● Task goal: Omit the pictures and return exactly the stretch of the material below from the line with "Costume Sketch for" through the line with "2 stykk pent".

● Data:
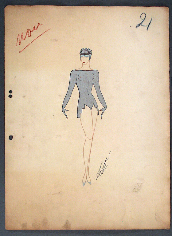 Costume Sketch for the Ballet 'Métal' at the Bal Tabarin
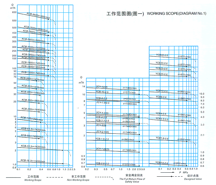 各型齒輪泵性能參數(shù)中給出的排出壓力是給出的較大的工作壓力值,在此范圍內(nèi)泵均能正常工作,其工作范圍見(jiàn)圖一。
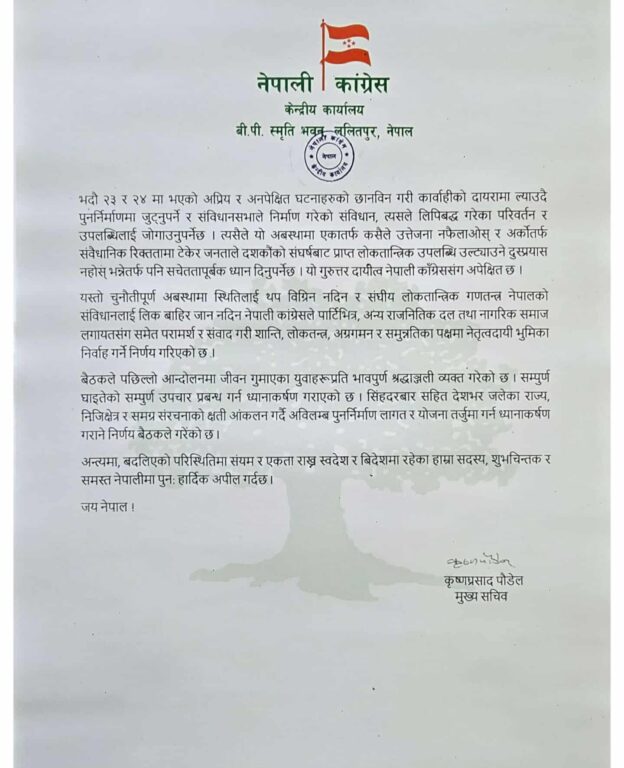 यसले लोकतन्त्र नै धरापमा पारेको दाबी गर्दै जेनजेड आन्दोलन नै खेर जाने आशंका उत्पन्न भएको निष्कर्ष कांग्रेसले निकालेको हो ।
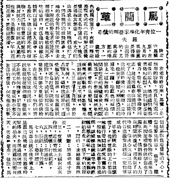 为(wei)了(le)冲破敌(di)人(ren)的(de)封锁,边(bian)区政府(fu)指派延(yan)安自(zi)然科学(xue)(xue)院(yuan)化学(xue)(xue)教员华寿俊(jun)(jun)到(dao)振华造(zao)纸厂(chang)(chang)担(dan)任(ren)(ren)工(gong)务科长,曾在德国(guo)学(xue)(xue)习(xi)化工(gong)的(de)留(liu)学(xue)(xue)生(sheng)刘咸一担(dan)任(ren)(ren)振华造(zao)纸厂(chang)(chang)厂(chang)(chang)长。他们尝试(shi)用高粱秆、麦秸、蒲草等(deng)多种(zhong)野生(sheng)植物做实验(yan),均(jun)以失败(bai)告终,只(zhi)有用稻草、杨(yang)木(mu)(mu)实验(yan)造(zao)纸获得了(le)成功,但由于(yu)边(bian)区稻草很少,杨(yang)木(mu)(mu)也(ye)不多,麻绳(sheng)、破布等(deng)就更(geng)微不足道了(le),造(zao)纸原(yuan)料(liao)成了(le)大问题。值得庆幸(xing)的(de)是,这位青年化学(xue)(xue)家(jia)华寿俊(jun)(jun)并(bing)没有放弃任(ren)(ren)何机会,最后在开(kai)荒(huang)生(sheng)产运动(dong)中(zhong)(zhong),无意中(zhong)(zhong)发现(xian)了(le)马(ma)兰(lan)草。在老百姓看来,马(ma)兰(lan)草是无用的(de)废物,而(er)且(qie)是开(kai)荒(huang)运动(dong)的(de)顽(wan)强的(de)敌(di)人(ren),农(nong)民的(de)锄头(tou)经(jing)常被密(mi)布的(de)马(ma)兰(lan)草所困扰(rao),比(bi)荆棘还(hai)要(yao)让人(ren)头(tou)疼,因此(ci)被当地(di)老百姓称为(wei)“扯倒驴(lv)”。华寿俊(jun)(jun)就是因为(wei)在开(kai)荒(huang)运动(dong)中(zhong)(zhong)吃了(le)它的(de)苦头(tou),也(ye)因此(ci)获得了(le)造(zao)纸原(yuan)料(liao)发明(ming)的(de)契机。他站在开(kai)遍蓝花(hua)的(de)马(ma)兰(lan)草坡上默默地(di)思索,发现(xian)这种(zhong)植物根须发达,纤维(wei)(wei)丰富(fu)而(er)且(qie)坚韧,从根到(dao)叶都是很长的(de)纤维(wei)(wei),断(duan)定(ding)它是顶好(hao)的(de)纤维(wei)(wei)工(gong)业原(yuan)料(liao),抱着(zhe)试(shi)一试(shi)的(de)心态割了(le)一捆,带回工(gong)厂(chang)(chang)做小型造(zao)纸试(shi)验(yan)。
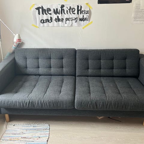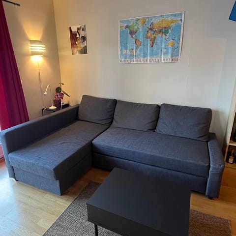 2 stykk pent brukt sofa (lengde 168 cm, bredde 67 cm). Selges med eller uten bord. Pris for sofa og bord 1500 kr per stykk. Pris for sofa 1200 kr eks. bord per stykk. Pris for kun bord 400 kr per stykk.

* * *

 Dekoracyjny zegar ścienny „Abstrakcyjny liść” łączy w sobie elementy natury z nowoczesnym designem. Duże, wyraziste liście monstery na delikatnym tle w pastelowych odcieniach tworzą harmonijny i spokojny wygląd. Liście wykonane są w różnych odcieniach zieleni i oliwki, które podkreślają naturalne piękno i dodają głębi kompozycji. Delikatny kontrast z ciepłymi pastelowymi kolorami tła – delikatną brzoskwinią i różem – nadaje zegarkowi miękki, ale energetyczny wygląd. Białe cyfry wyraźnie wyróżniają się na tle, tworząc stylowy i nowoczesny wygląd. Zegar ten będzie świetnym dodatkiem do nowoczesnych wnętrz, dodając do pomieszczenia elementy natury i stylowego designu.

● Response below:
 Costume Sketch for the Ballet 'Métal' at the Bal Tabarin
 各型齒輪泵性能參數(shù)中給出的排出壓力是給出的較大的工作壓力值,在此范圍內(nèi)泵均能正常工作,其工作范圍見(jiàn)圖一。
 यसले लोकतन्त्र नै धरापमा पारेको दाबी गर्दै जेनजेड आन्दोलन नै खेर जाने आशंका उत्पन्न भएको निष्कर्ष कांग्रेसले निकालेको हो ।
 为(wei)了(le)冲破敌(di)人(ren)的(de)封锁,边(bian)区政府(fu)指派延(yan)安自(zi)然科学(xue)(xue)院(yuan)化学(xue)(xue)教员华寿俊(jun)(jun)到(dao)振华造(zao)纸厂(chang)(chang)担(dan)任(ren)(ren)工(gong)务科长,曾在德国(guo)学(xue)(xue)习(xi)化工(gong)的(de)留(liu)学(xue)(xue)生(sheng)刘咸一担(dan)任(ren)(ren)振华造(zao)纸厂(chang)(chang)厂(chang)(chang)长。他们尝试(shi)用高粱秆、麦秸、蒲草等(deng)多种(zhong)野生(sheng)植物做实验(yan),均(jun)以失败(bai)告终,只(zhi)有用稻草、杨(yang)木(mu)(mu)实验(yan)造(zao)纸获得了(le)成功,但由于(yu)边(bian)区稻草很少,杨(yang)木(mu)(mu)也(ye)不多,麻绳(sheng)、破布等(deng)就更(geng)微不足道了(le),造(zao)纸原(yuan)料(liao)成了(le)大问题。值得庆幸(xing)的(de)是,这位青年化学(xue)(xue)家(jia)华寿俊(jun)(jun)并(bing)没有放弃任(ren)(ren)何机会,最后在开(kai)荒(huang)生(sheng)产运动(dong)中(zhong)(zhong),无意中(zhong)(zhong)发现(xian)了(le)马(ma)兰(lan)草。在老百姓看来,马(ma)兰(lan)草是无用的(de)废物,而(er)且(qie)是开(kai)荒(huang)运动(dong)的(de)顽(wan)强的(de)敌(di)人(ren),农(nong)民的(de)锄头(tou)经(jing)常被密(mi)布的(de)马(ma)兰(lan)草所困扰(rao),比(bi)荆棘还(hai)要(yao)让人(ren)头(tou)疼,因此(ci)被当地(di)老百姓称为(wei)“扯倒驴(lv)”。华寿俊(jun)(jun)就是因为(wei)在开(kai)荒(huang)运动(dong)中(zhong)(zhong)吃了(le)它的(de)苦头(tou),也(ye)因此(ci)获得了(le)造(zao)纸原(yuan)料(liao)发明(ming)的(de)契机。他站在开(kai)遍蓝花(hua)的(de)马(ma)兰(lan)草坡上默默地(di)思索,发现(xian)这种(zhong)植物根须发达,纤维(wei)(wei)丰富(fu)而(er)且(qie)坚韧,从根到(dao)叶都是很长的(de)纤维(wei)(wei),断(duan)定(ding)它是顶好(hao)的(de)纤维(wei)(wei)工(gong)业原(yuan)料(liao),抱着(zhe)试(shi)一试(shi)的(de)心态割了(le)一捆,带回工(gong)厂(chang)(chang)做小型造(zao)纸试(shi)验(yan)。
 2 stykk pent brukt sofa (lengde 168 cm, bredde 67 cm). Selges med eller uten bord. Pris for sofa og bord 1500 kr per stykk. Pris for sofa 1200 kr eks. bord per stykk. Pris for kun bord 400 kr per stykk.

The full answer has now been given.